→ **Problem details**
Please copy the data exactly as it stands, minus the images.

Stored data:

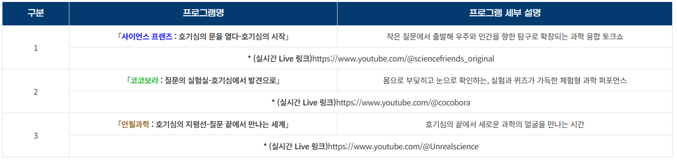 - 과학 퀴즈, AR 탐험 등 ‘즐기며 배우는’ 프로그램 다수
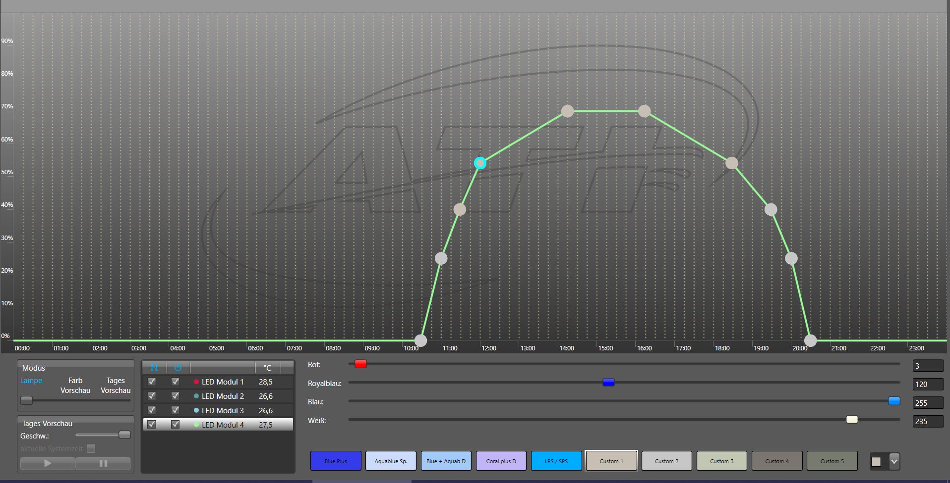 Hecke71 hat geschrieben:Wegen den Einstellungen der ATI Lampen: Meinst du ich soll mit den Punkten eher so eine Gauss Kurve bauen ? Dachte ich hätte gehört / gelesen man soll zügig zu den Werten kommen und nicht Kurven einbauen, weil sich dann die Korallen im Tagesverlauf immer wieder anpassen müssen.
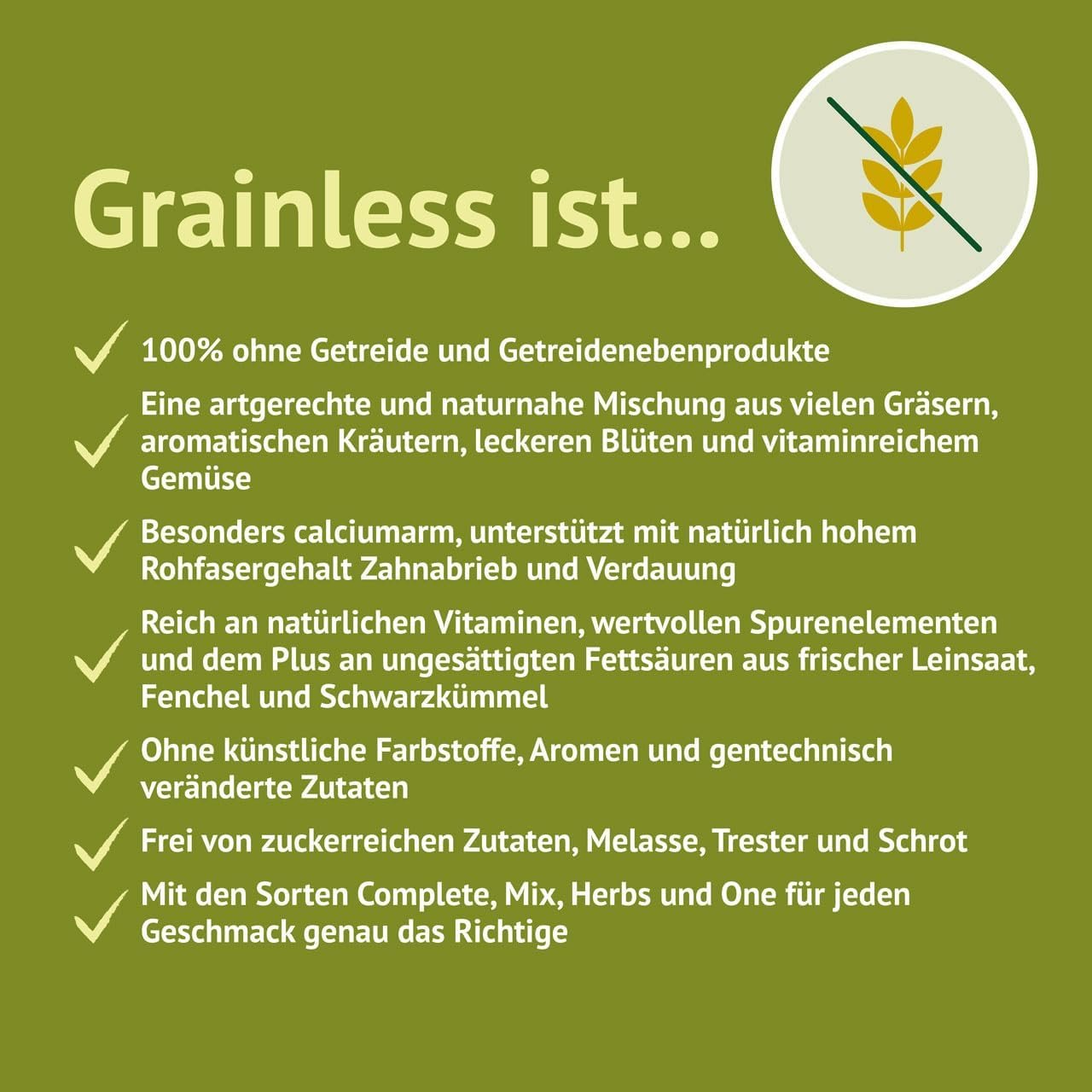 Rein natürlich – besteht zu 100 % aus schonend gepressten Quaderstückchen, die die Futterselektion durch das Tier verhindern.
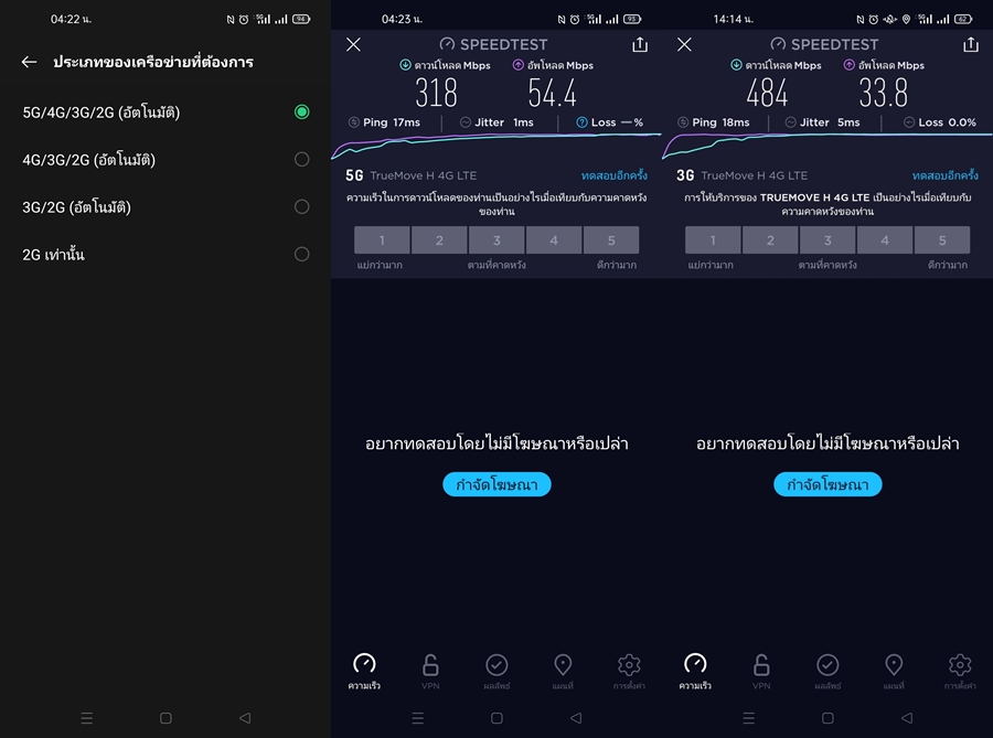 OPPO Find X3 Pro 5G รองรับสัญญาณ 5G ทั้ง 2 ซิมเลยครับ สามารถใช้งาน 5G ได้ครอบคลุมตามที่ผู้ให้บริการเครือข่ายรองรับ จากการทดสอบใช้งาน 5G จากแถวสยามไปจนถึงพระราม 2 สามารถรับสัญญาณได้ปกติ และใช้งานได้อย่างราบรื่น ผมได้ทดสอบสัญญาณที่ในห้องนอนผมเอง ที่พระราม 2 ซอย 60/1 และที่ตึก President Tower ชิดลม บริเวณชั้น 7 ผลที่ออกมาน่าพอใจมากๆ เลยครับ
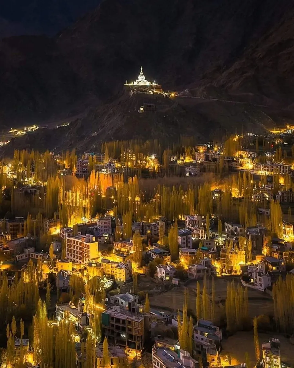 Leh at night. The highest inhabited city in the world. the highest airport in India.
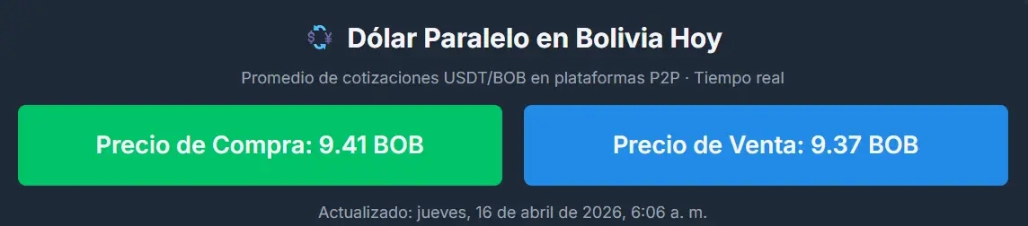 El dólar en el mercado paralelo boliviano registró este jueves 16 de abril una nueva variación, según plataformas que monitorean la cotización de la divisa fuera del sistema financiero oficial.

→ **Exercise result**
 - 과학 퀴즈, AR 탐험 등 ‘즐기며 배우는’ 프로그램 다수
 Hecke71 hat geschrieben:Wegen den Einstellungen der ATI Lampen: Meinst du ich soll mit den Punkten eher so eine Gauss Kurve bauen ? Dachte ich hätte gehört / gelesen man soll zügig zu den Werten kommen und nicht Kurven einbauen, weil sich dann die Korallen im Tagesverlauf immer wieder anpassen müssen.
 Rein natürlich – besteht zu 100 % aus schonend gepressten Quaderstückchen, die die Futterselektion durch das Tier verhindern.
 OPPO Find X3 Pro 5G รองรับสัญญาณ 5G ทั้ง 2 ซิมเลยครับ สามารถใช้งาน 5G ได้ครอบคลุมตามที่ผู้ให้บริการเครือข่ายรองรับ จากการทดสอบใช้งาน 5G จากแถวสยามไปจนถึงพระราม 2 สามารถรับสัญญาณได้ปกติ และใช้งานได้อย่างราบรื่น ผมได้ทดสอบสัญญาณที่ในห้องนอนผมเอง ที่พระราม 2 ซอย 60/1 และที่ตึก President Tower ชิดลม บริเวณชั้น 7 ผลที่ออกมาน่าพอใจมากๆ เลยครับ
 Leh at night. The highest inhabited city in the world. the highest airport in India.
 El dólar en el mercado paralelo boliviano registró este jueves 16 de abril una nueva variación, según plataformas que monitorean la cotización de la divisa fuera del sistema financiero oficial.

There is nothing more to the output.